Active wheel speed sensors are fitted to this vehicle. Active wheel speed sensors are direction sensitive.

The wheel speed sensor receives a 12-volt power supply voltage from the electronic brake control module (EBCM). The wheel speed sensor contains an integrated circuit containing a magneto-resistive bridge. Wheel rotation changes the positioning of the tone wheel and the wheel speed sensor's magnetic field and varies the magneto-resistive bridge resistance. The wheel speed sensor's integrated circuit modifies and amplifies the varying resistance into a direct current (DC) square wave signal. Therefore as the wheel spins, the wheel speed sensor changes the voltage and current level output signal to the EBCM. The wheel speed sensor always has a current flow on the output signal circuit to complete the wheel speed sensor's ground path and for EBCM diagnostics. The EBCM uses the frequency of the square wave signal to calculate the wheel speed.

Brake Pedal Position Sensor

The brake pedal position sensor (1) is a normally open switch that closes when the brake pedal is depressed.

The electronic brake control module (EBCM) uses the stop lamp switch signal voltage to determine when the brake pedal is depressed.

Electronic Stability Program (ESP) Switch

The ESP switch incorporates traction control (TCS) which is part of a multi function centre console switch assembly and is located in the console as shown above.

The ESP switch is a momentary contact switch that sends a ground output signal to the body control module (BCM).

The BCM sends a signal to the EBCM via the serial data bus to perform the following functions:

•	Pressing the ESP switch once deactivates both TCS and ESP for the duration of that ignition cycle. ABS will still function normally when the TCS and ESP is deactivated.

•	Pressing the ESP switch again when the TCS and ESP is deactivated, activates the TCS and ESP.

•	Pressing the ESP switch for more than 60 seconds will be interpreted as a short circuit.

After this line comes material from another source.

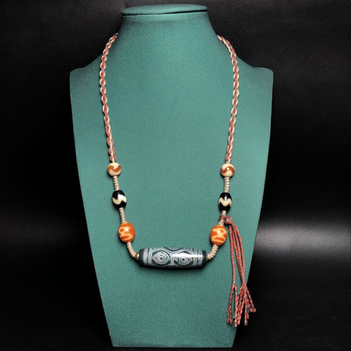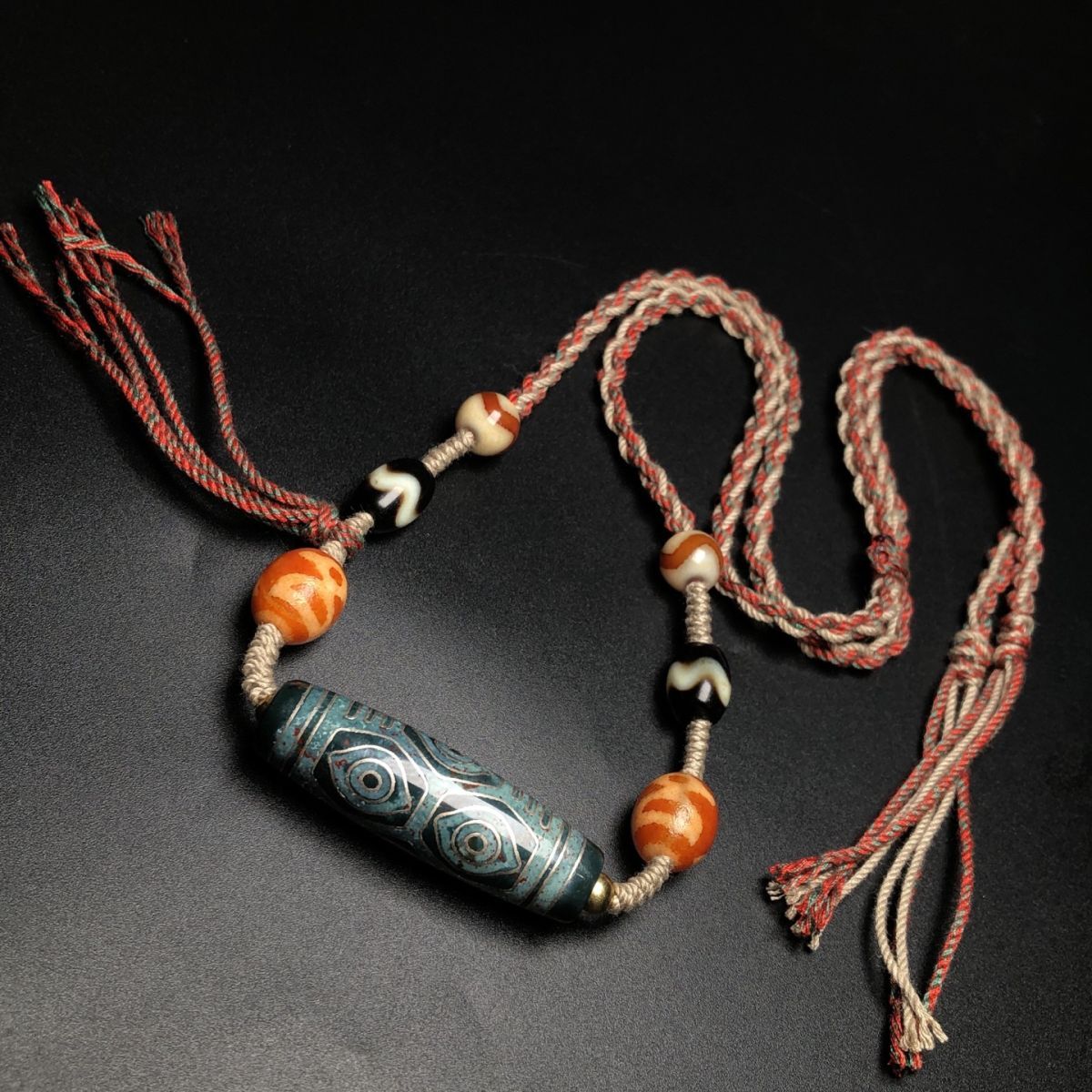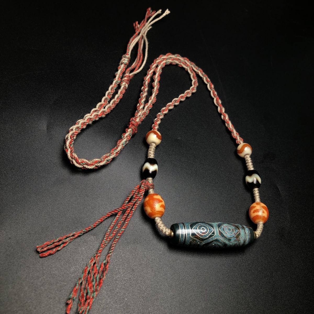 永し 清時代 天然瑪瑙 藏傳 嵌銀絲 龍眼 六眼天珠 項鏈 極細工 置物擺件 古美術品 時代物 古董品 収集 旧家蔵出 中国唐物 A265

Consequently, a DTC will be logged and the TCS and ESP will be deactivated for the duration of that ignition cycle.

If there are no current TCS/ESP DTC's logged, the ESP activates at the next ignition cycle.

Yaw Rate Sensor

The yaw-rate sensor assembly (1) comprises of a yaw-rate sensor and a lateral acceleration sensor.

•	The yaw-rate sensor produces a signal output voltage that corresponds to a vehicle rotation around its vertical axis.

•	The lateral acceleration sensor produces a signal output voltage that corresponds to a vehicle lateral acceleration.

The EBCM uses the output signal voltage of the yaw-rate sensor and the acceleration sensor in conjunction with the wheel speed sensor signal output voltage and serial data output signal of the steering angle sensor, to support the calculation of actual vehicle behavior as compared to the driver intended direction.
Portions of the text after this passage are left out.